**Task to carry out:** Each and every line below goes into your answer unchanged, but leave out the images.

**Dataset content:**

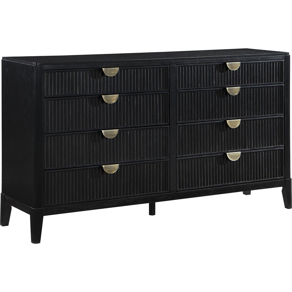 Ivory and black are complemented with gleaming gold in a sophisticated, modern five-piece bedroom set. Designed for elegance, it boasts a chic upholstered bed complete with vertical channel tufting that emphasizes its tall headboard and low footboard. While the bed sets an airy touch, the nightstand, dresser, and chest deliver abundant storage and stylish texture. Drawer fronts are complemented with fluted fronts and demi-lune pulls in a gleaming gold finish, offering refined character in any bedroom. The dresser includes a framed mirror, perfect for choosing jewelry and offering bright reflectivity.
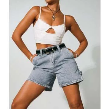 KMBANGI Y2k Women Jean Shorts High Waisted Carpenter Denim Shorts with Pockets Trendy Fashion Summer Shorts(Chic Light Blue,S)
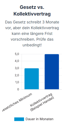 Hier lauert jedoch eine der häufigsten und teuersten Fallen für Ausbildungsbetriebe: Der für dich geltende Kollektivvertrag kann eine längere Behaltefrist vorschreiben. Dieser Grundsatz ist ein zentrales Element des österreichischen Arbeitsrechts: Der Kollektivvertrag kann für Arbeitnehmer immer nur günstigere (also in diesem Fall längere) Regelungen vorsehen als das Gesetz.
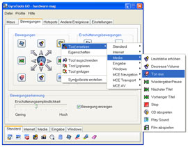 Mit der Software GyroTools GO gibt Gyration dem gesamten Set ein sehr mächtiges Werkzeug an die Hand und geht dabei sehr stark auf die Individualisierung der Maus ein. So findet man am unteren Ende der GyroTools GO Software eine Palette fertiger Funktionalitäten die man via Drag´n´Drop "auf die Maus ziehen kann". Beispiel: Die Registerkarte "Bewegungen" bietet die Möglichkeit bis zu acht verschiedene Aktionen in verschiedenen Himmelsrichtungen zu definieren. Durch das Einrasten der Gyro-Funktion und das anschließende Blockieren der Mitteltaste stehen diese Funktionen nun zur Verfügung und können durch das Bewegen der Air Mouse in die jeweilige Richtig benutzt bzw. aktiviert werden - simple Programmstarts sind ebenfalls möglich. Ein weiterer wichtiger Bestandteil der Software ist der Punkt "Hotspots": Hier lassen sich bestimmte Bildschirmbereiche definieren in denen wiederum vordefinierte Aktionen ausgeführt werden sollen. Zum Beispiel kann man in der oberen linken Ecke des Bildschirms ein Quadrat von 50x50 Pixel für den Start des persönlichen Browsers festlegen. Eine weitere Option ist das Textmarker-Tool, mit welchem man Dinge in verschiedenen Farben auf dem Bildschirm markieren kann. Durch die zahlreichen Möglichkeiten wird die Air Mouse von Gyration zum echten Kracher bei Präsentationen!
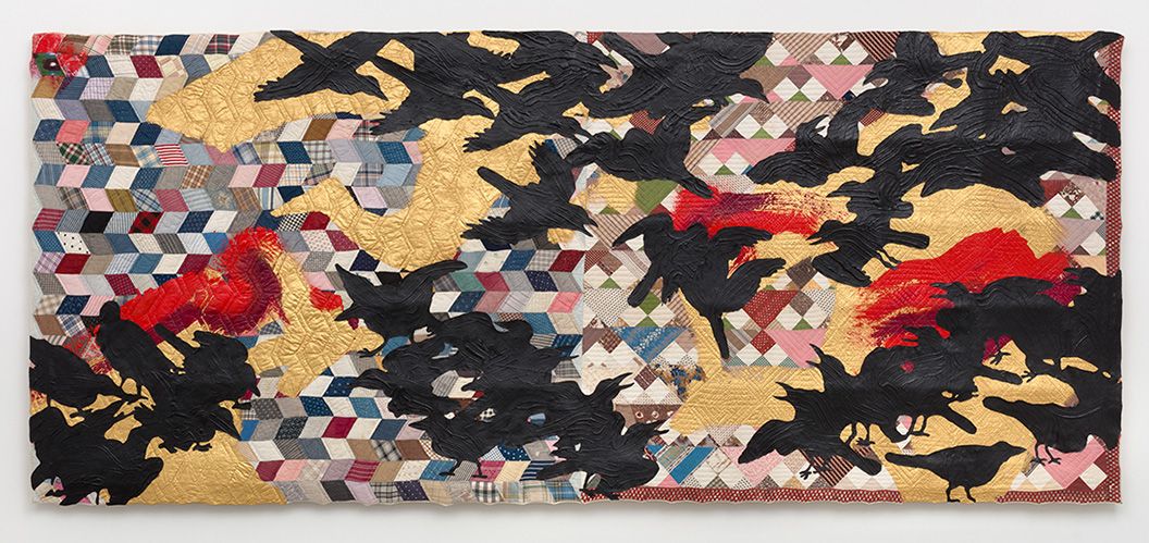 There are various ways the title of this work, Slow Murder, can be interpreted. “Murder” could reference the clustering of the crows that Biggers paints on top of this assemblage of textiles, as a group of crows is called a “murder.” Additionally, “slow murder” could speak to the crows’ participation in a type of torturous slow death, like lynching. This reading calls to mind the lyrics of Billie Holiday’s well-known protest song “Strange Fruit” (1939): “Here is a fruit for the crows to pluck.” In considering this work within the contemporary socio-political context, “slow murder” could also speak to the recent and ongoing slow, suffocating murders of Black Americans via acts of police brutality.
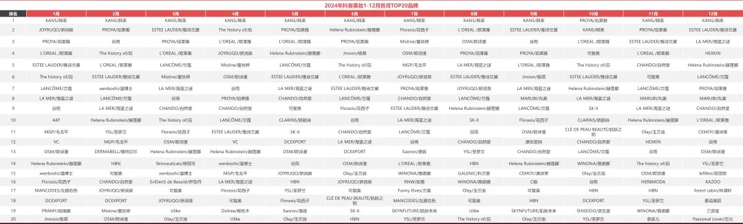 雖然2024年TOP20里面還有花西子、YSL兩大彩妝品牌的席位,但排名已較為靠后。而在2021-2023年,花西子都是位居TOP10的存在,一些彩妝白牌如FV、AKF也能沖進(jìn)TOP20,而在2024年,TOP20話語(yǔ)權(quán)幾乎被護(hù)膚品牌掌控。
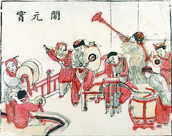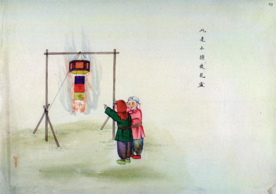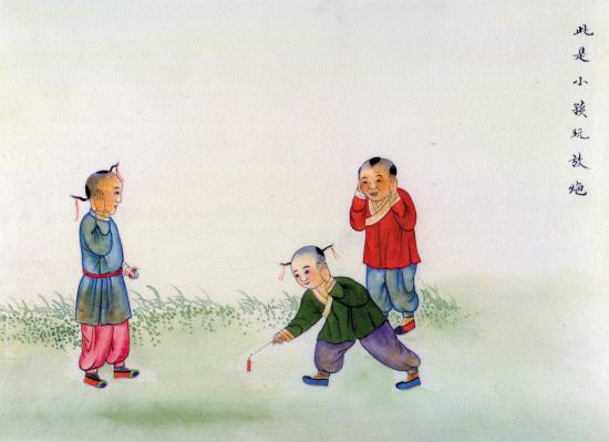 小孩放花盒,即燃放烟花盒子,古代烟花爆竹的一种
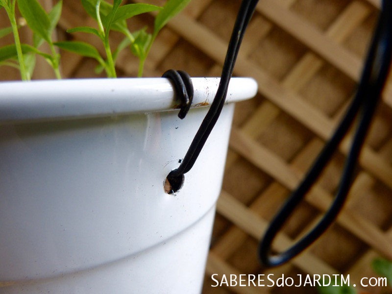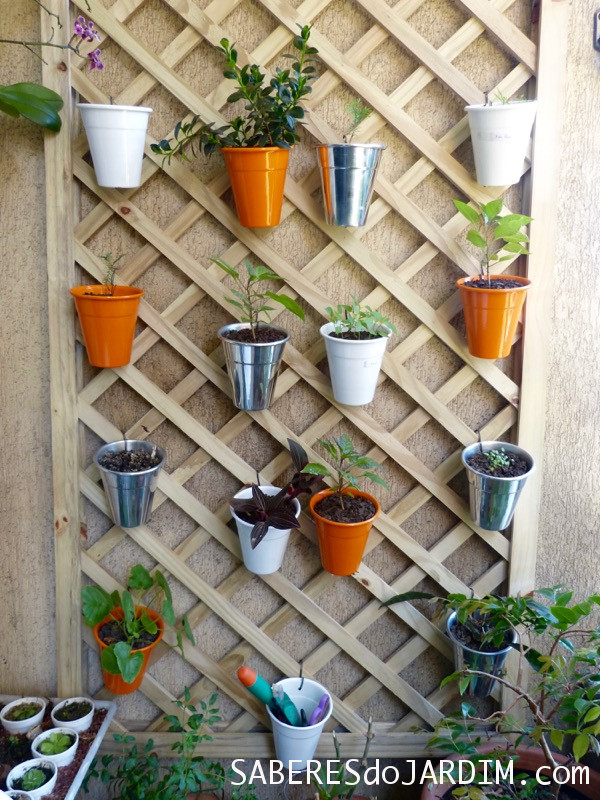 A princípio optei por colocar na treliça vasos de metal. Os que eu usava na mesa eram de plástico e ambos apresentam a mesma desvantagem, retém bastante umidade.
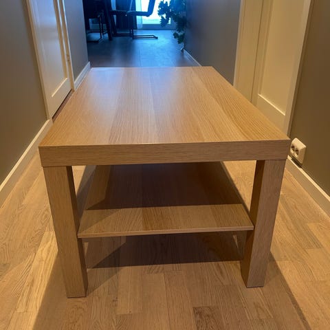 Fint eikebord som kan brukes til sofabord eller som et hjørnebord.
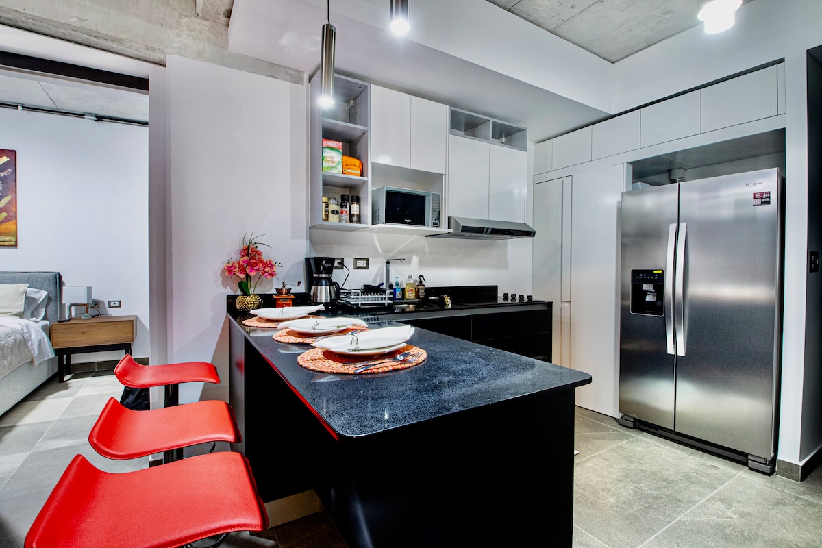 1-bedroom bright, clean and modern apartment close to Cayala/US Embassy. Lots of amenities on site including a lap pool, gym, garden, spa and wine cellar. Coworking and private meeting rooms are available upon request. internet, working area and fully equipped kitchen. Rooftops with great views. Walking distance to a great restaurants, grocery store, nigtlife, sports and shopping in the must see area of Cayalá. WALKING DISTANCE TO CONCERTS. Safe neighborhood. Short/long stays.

**Response to the exercise:**
 Ivory and black are complemented with gleaming gold in a sophisticated, modern five-piece bedroom set. Designed for elegance, it boasts a chic upholstered bed complete with vertical channel tufting that emphasizes its tall headboard and low footboard. While the bed sets an airy touch, the nightstand, dresser, and chest deliver abundant storage and stylish texture. Drawer fronts are complemented with fluted fronts and demi-lune pulls in a gleaming gold finish, offering refined character in any bedroom. The dresser includes a framed mirror, perfect for choosing jewelry and offering bright reflectivity.
 KMBANGI Y2k Women Jean Shorts High Waisted Carpenter Denim Shorts with Pockets Trendy Fashion Summer Shorts(Chic Light Blue,S)
 Hier lauert jedoch eine der häufigsten und teuersten Fallen für Ausbildungsbetriebe: Der für dich geltende Kollektivvertrag kann eine längere Behaltefrist vorschreiben. Dieser Grundsatz ist ein zentrales Element des österreichischen Arbeitsrechts: Der Kollektivvertrag kann für Arbeitnehmer immer nur günstigere (also in diesem Fall längere) Regelungen vorsehen als das Gesetz.
 Mit der Software GyroTools GO gibt Gyration dem gesamten Set ein sehr mächtiges Werkzeug an die Hand und geht dabei sehr stark auf die Individualisierung der Maus ein. So findet man am unteren Ende der GyroTools GO Software eine Palette fertiger Funktionalitäten die man via Drag´n´Drop "auf die Maus ziehen kann". Beispiel: Die Registerkarte "Bewegungen" bietet die Möglichkeit bis zu acht verschiedene Aktionen in verschiedenen Himmelsrichtungen zu definieren. Durch das Einrasten der Gyro-Funktion und das anschließende Blockieren der Mitteltaste stehen diese Funktionen nun zur Verfügung und können durch das Bewegen der Air Mouse in die jeweilige Richtig benutzt bzw. aktiviert werden - simple Programmstarts sind ebenfalls möglich. Ein weiterer wichtiger Bestandteil der Software ist der Punkt "Hotspots": Hier lassen sich bestimmte Bildschirmbereiche definieren in denen wiederum vordefinierte Aktionen ausgeführt werden sollen. Zum Beispiel kann man in der oberen linken Ecke des Bildschirms ein Quadrat von 50x50 Pixel für den Start des persönlichen Browsers festlegen. Eine weitere Option ist das Textmarker-Tool, mit welchem man Dinge in verschiedenen Farben auf dem Bildschirm markieren kann. Durch die zahlreichen Möglichkeiten wird die Air Mouse von Gyration zum echten Kracher bei Präsentationen!
 There are various ways the title of this work, Slow Murder, can be interpreted. “Murder” could reference the clustering of the crows that Biggers paints on top of this assemblage of textiles, as a group of crows is called a “murder.” Additionally, “slow murder” could speak to the crows’ participation in a type of torturous slow death, like lynching. This reading calls to mind the lyrics of Billie Holiday’s well-known protest song “Strange Fruit” (1939): “Here is a fruit for the crows to pluck.” In considering this work within the contemporary socio-political context, “slow murder” could also speak to the recent and ongoing slow, suffocating murders of Black Americans via acts of police brutality.
 雖然2024年TOP20里面還有花西子、YSL兩大彩妝品牌的席位,但排名已較為靠后。而在2021-2023年,花西子都是位居TOP10的存在,一些彩妝白牌如FV、AKF也能沖進(jìn)TOP20,而在2024年,TOP20話語(yǔ)權(quán)幾乎被護(hù)膚品牌掌控。
 小孩放花盒,即燃放烟花盒子,古代烟花爆竹的一种
 A princípio optei por colocar na treliça vasos de metal. Os que eu usava na mesa eram de plástico e ambos apresentam a mesma desvantagem, retém bastante umidade.
 Fint eikebord som kan brukes til sofabord eller som et hjørnebord.
 1-bedroom bright, clean and modern apartment close to Cayala/US Embassy. Lots of amenities on site including a lap pool, gym, garden, spa and wine cellar. Coworking and private meeting rooms are available upon request. internet, working area and fully equipped kitchen. Rooftops with great views. Walking distance to a great restaurants, grocery store, nigtlife, sports and shopping in the must see area of Cayalá. WALKING DISTANCE TO CONCERTS. Safe neighborhood. Short/long stays.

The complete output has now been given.